В начале 1857 года Чарлз отметил в дневнике, что читает книгу Рёскина "Прерафаэлиты", а летом того же года увидел их работающими. Тем летом Данте Габриель Россетти вместе с товарищами по Братству прерафаэлитов - Уильямом Моррисом, Эдуардом Бёрн-Джонсом, Артуром Хьюзом и другими - приехал в Оксфорд. Они получили заказ на роспись нового Зала дебатов Дискуссионного общества Оксфордского университета, который предстояло украсить сценами из книги Томаса Мэлори "Смерть короля Артура" (Morte d’Arthur), написанной в 1469 году и изданной в 1485-м. Эпоха и стиль были для них самыми подходящими! Вскоре Чарлз познакомился с Артуром Хьюзом. В последующие годы он часто встречался с художником и его семьей и подружился с его дочерьми. Купленная им картина Хьюза "Девушка с сиренью" висела в его гостиной до конца его дней.
Постепенно Чарлз познакомился и с другими художниками и скульпторами; они принимали его как коллегу - фотохудожника и поэта (среди прерафаэлитов были и поэты). Одним из его новых знакомых был скульптор Александр Манро, с которым его познакомил драматург Том Тейлор, известный также своими художественными и театральными статьями в "Таймс". Позже он стал редактором журнала "Панч".

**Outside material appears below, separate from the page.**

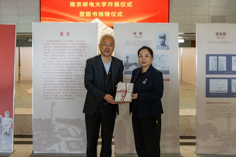 10月23日下午,《革命俊彥高校榮光——雨花英烈中的青年學子》展覽在仙林校區圖書館二樓大廳啟幕?;顒蝇F場,雨花臺烈士紀念館高校思政專班負責人周潔為圖書館捐贈珍貴的史料叢書,圖書館接受叢書捐贈并回贈證書。展覽吸引千余名師生參觀。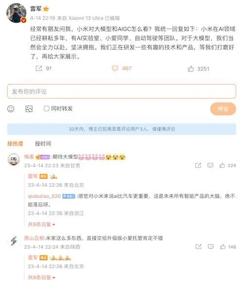 值得一提的是,小米创始人雷军对大模型态度也颇为积极。4月14日晚间,他在微博发文称,小米在AI领域已经耕耘多年,有AI实验室、小爱同学、自动驾驶等团队。“对于大模型,我们当然会全力以赴,坚决拥抱。我们正在研发一些有趣的技术和产品,等我们打磨好了,再给大家展示。”

Шестнадцатого апреля 1858 года Чарлз посетил Манро и познакомился с его работами. Судя по всему, они понравились друг другу. Чарлз записал в дневнике: "Он дал мне carte-blanche фотографировать в его студии всё, что я пожелаю, когда я буду в Лондоне в июне, вне зависимости от того, будет он в городе или нет. Приехать к нему с камерой - очень соблазнительное предложение". Мы не знаем, воспользовался ли Чарлз этим предложением тогда же, но, судя по всему, он работал в доме Манро в 1859 и 1860 годах - во всяком случае, именно к этому времени относятся дошедшие до нас фотографии Манро, его семьи и скульптур. Летом 1859 года он провел в доме Манро несколько дней, фотографируя его работы, среди которых были бюсты Данте и итальянского республиканца Джузеппе Мадзини, статуя "Прогулка влюбленных", статуэтка "Надежда" и многие другие. До нас дошли превосходные фотопортреты, выполненные Доджсоном, скорее всего, несколько позже: Манро за работой в своей мастерской, художник с дочерьми и, конечно, его друг Том Тейлор со знаменитыми "пиратскими" усами.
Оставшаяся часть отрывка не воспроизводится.